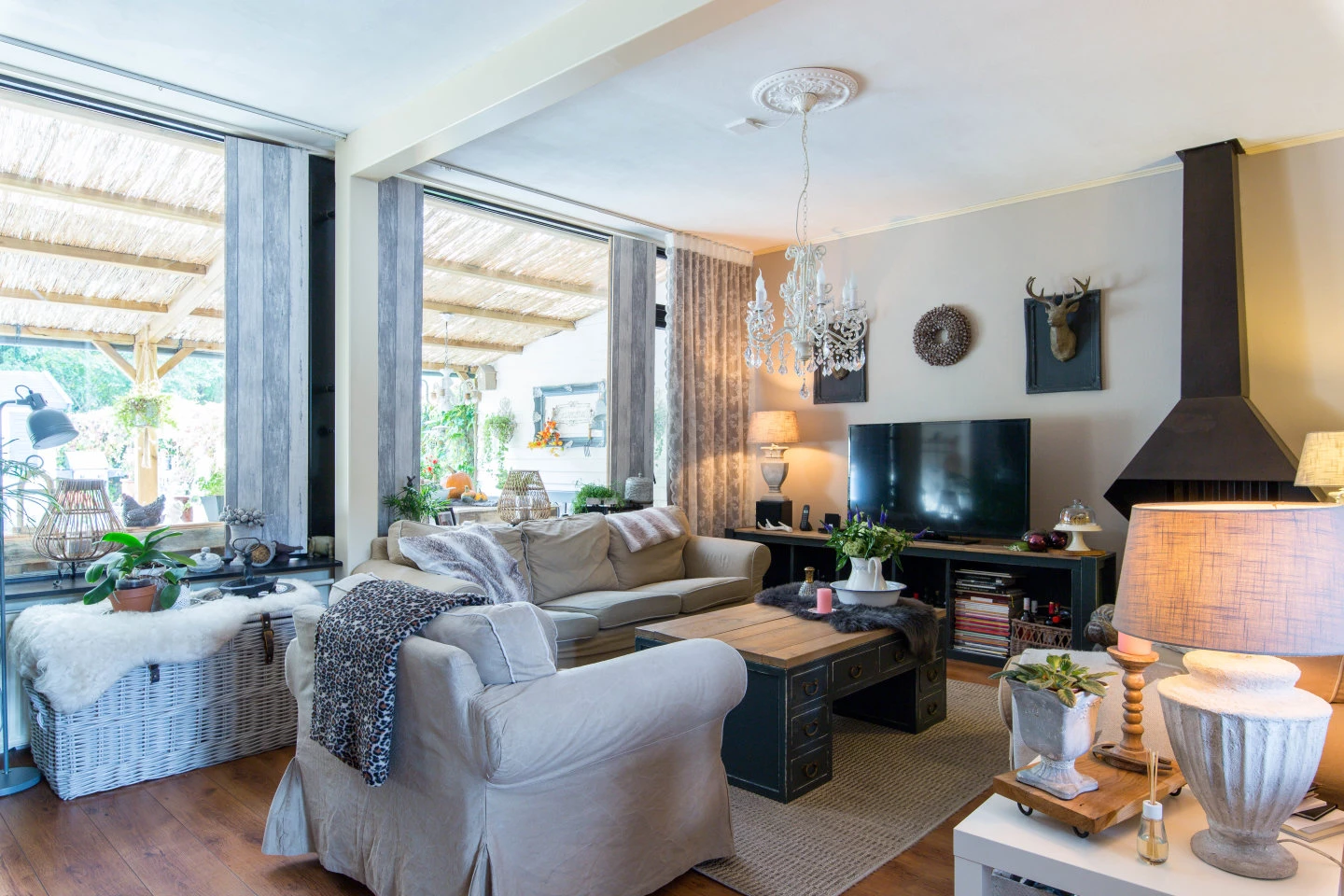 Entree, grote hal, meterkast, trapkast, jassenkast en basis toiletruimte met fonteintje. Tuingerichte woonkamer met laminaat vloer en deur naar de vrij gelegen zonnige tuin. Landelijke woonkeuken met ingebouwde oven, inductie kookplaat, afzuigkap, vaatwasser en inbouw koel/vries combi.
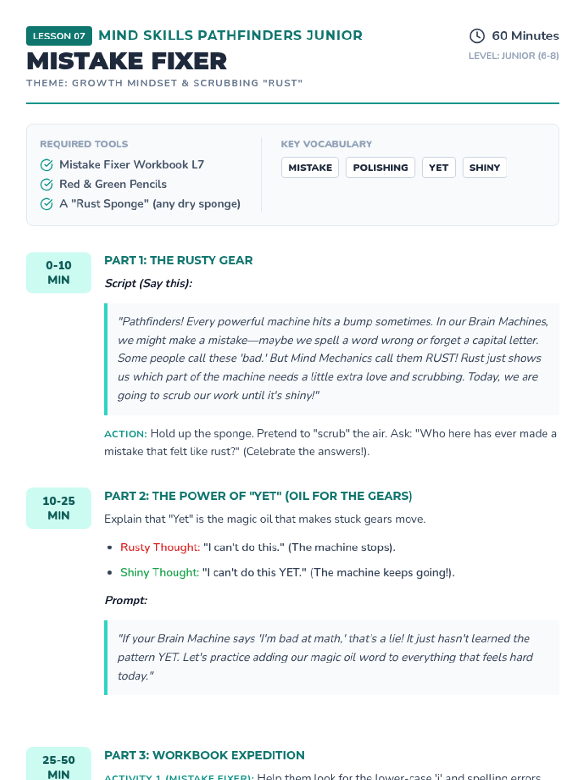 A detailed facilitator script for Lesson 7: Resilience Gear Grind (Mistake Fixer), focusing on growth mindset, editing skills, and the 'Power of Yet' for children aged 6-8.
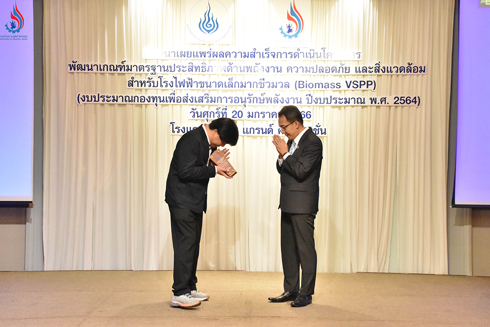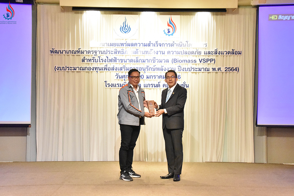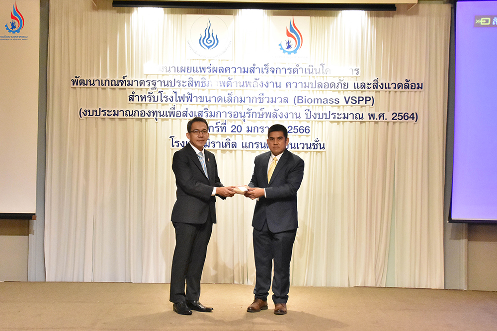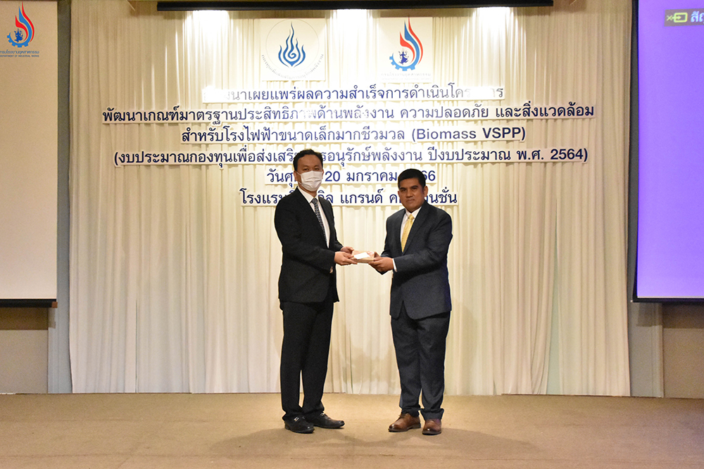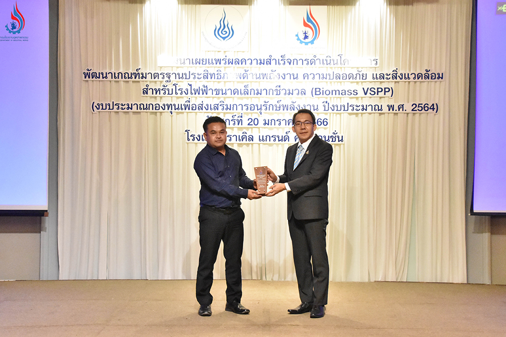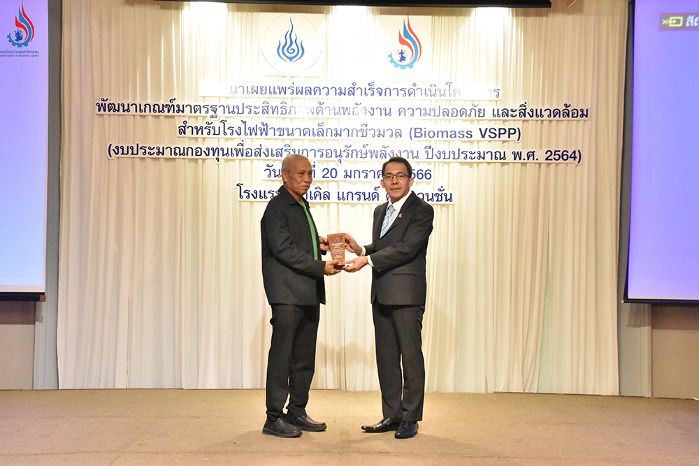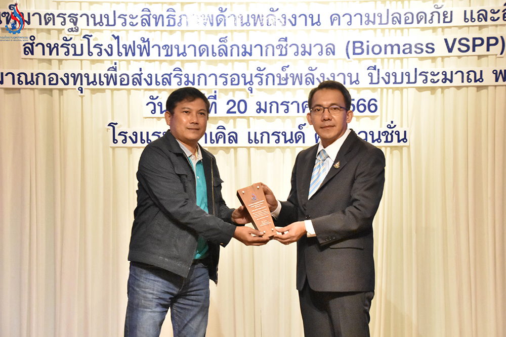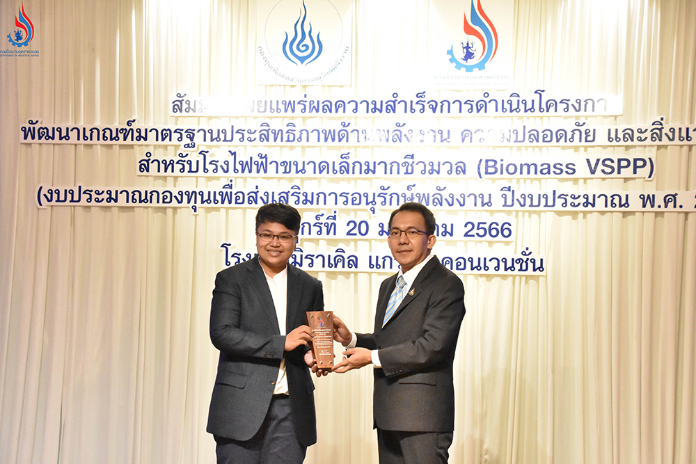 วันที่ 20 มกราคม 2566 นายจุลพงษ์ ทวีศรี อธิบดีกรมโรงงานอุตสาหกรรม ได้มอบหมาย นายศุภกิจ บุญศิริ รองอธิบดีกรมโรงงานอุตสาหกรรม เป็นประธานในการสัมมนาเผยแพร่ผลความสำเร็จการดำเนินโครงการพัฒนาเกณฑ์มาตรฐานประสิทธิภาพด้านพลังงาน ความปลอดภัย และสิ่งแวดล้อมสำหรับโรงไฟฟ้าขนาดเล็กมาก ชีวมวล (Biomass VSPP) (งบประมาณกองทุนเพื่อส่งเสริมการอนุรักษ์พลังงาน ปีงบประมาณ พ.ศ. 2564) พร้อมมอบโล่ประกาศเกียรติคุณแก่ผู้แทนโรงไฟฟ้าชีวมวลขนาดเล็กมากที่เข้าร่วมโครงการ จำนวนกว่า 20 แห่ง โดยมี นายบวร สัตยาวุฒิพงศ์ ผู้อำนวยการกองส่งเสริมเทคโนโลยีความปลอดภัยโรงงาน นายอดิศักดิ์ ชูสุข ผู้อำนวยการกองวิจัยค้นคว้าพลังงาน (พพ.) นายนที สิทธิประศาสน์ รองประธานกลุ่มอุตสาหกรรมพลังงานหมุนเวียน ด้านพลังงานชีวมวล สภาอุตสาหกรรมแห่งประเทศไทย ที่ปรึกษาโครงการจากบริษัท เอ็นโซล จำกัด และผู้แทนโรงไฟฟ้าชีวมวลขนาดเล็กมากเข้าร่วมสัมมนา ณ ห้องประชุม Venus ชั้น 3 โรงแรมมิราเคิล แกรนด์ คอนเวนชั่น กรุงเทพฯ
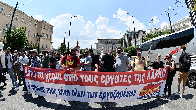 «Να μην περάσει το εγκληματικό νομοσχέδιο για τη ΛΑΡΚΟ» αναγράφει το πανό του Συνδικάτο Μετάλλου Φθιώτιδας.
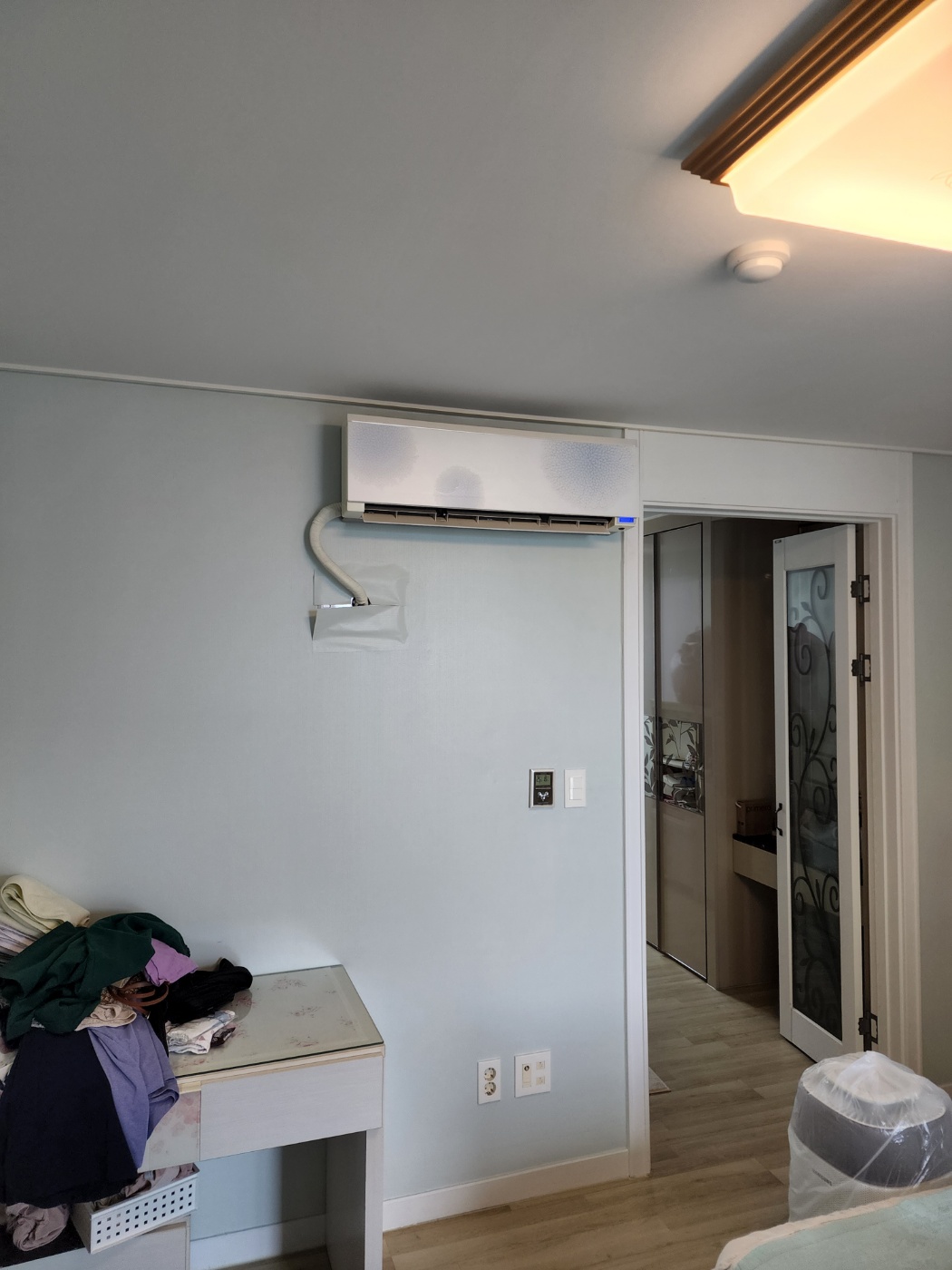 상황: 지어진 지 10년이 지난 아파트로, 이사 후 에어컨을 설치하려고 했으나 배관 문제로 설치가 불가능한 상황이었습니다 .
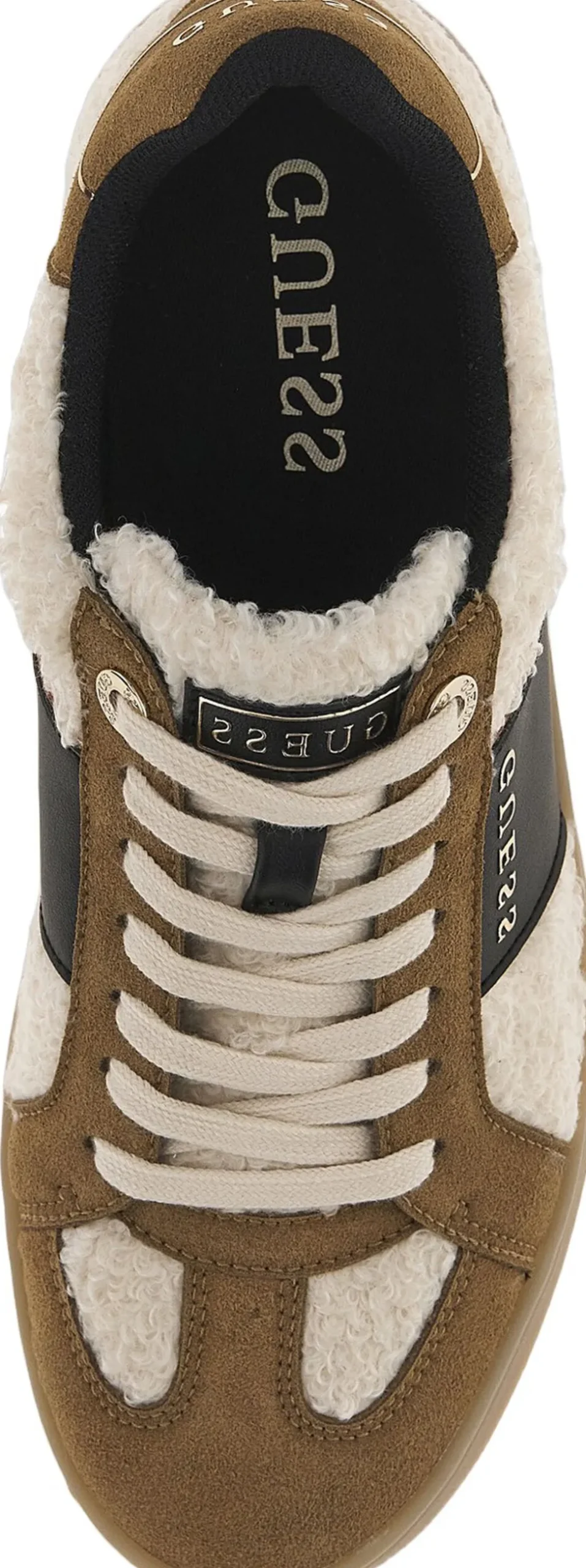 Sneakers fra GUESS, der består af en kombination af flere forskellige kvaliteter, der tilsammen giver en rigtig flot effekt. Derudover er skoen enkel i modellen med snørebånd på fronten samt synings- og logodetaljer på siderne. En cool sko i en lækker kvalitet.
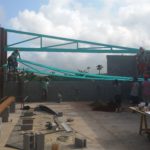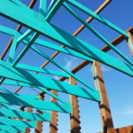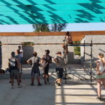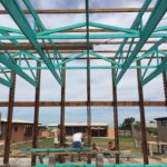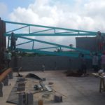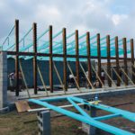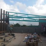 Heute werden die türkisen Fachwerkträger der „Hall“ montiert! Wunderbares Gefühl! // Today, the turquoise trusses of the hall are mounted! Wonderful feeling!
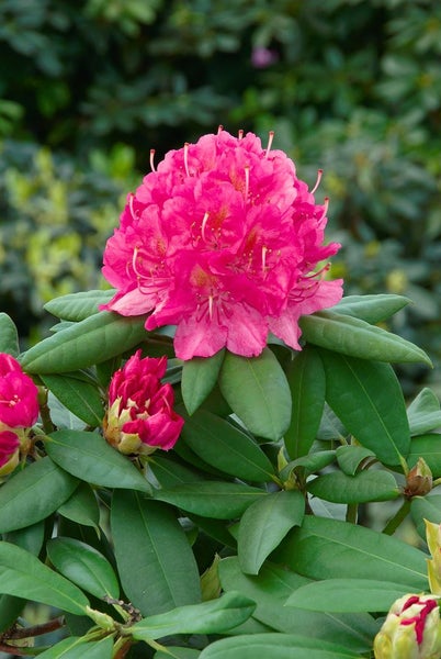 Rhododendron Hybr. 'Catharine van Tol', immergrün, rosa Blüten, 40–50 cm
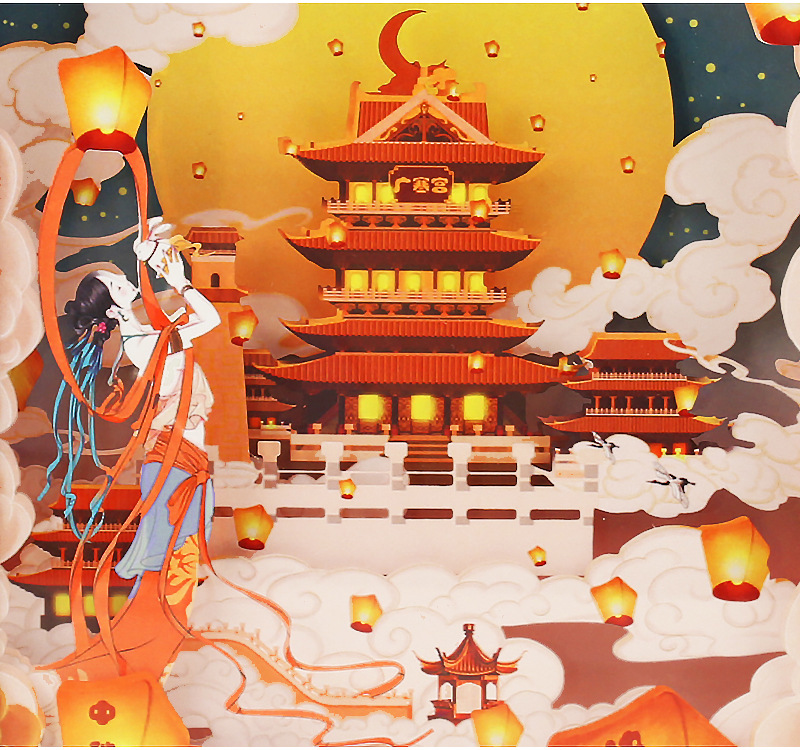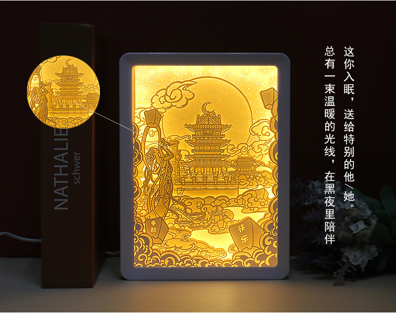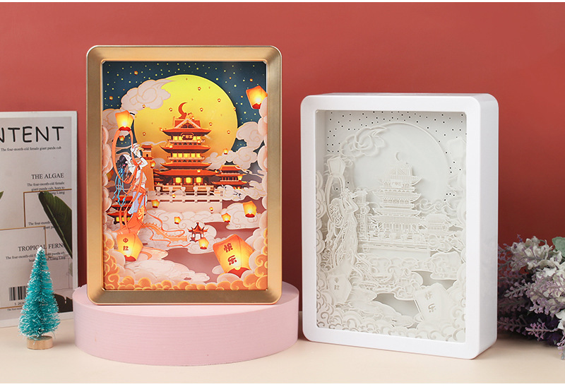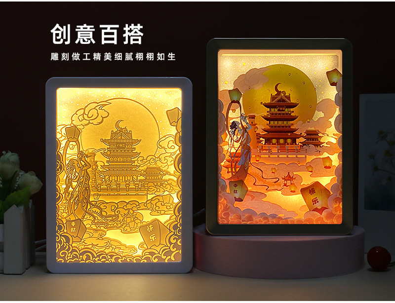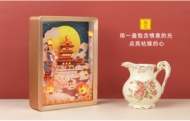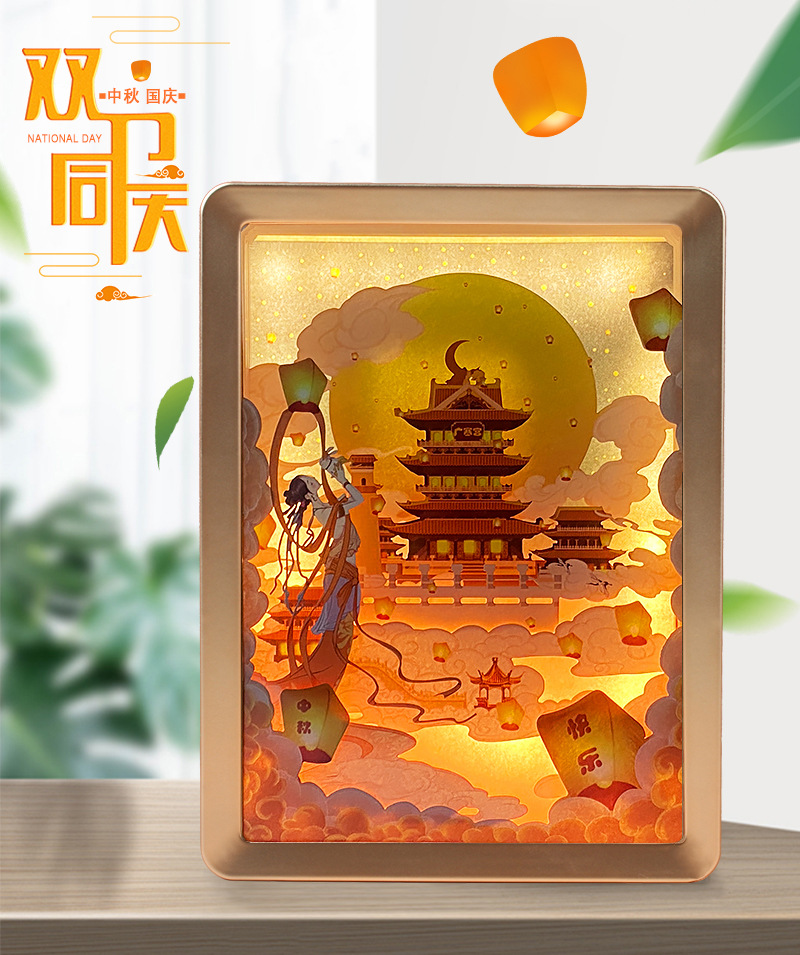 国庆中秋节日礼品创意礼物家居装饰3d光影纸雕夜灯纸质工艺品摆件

-.-.-

• [The problem] What you need to retype is every line from the one that has "Συνδικάτο Μετάλλου Φθιώτιδας." through the last line of the listing, both included, with the pictures left out.

• [Exercise solution]
 «Να μην περάσει το εγκληματικό νομοσχέδιο για τη ΛΑΡΚΟ» αναγράφει το πανό του Συνδικάτο Μετάλλου Φθιώτιδας.
 상황: 지어진 지 10년이 지난 아파트로, 이사 후 에어컨을 설치하려고 했으나 배관 문제로 설치가 불가능한 상황이었습니다 .
 Sneakers fra GUESS, der består af en kombination af flere forskellige kvaliteter, der tilsammen giver en rigtig flot effekt. Derudover er skoen enkel i modellen med snørebånd på fronten samt synings- og logodetaljer på siderne. En cool sko i en lækker kvalitet.
 Heute werden die türkisen Fachwerkträger der „Hall“ montiert! Wunderbares Gefühl! // Today, the turquoise trusses of the hall are mounted! Wonderful feeling!
 Rhododendron Hybr. 'Catharine van Tol', immergrün, rosa Blüten, 40–50 cm
 国庆中秋节日礼品创意礼物家居装饰3d光影纸雕夜灯纸质工艺品摆件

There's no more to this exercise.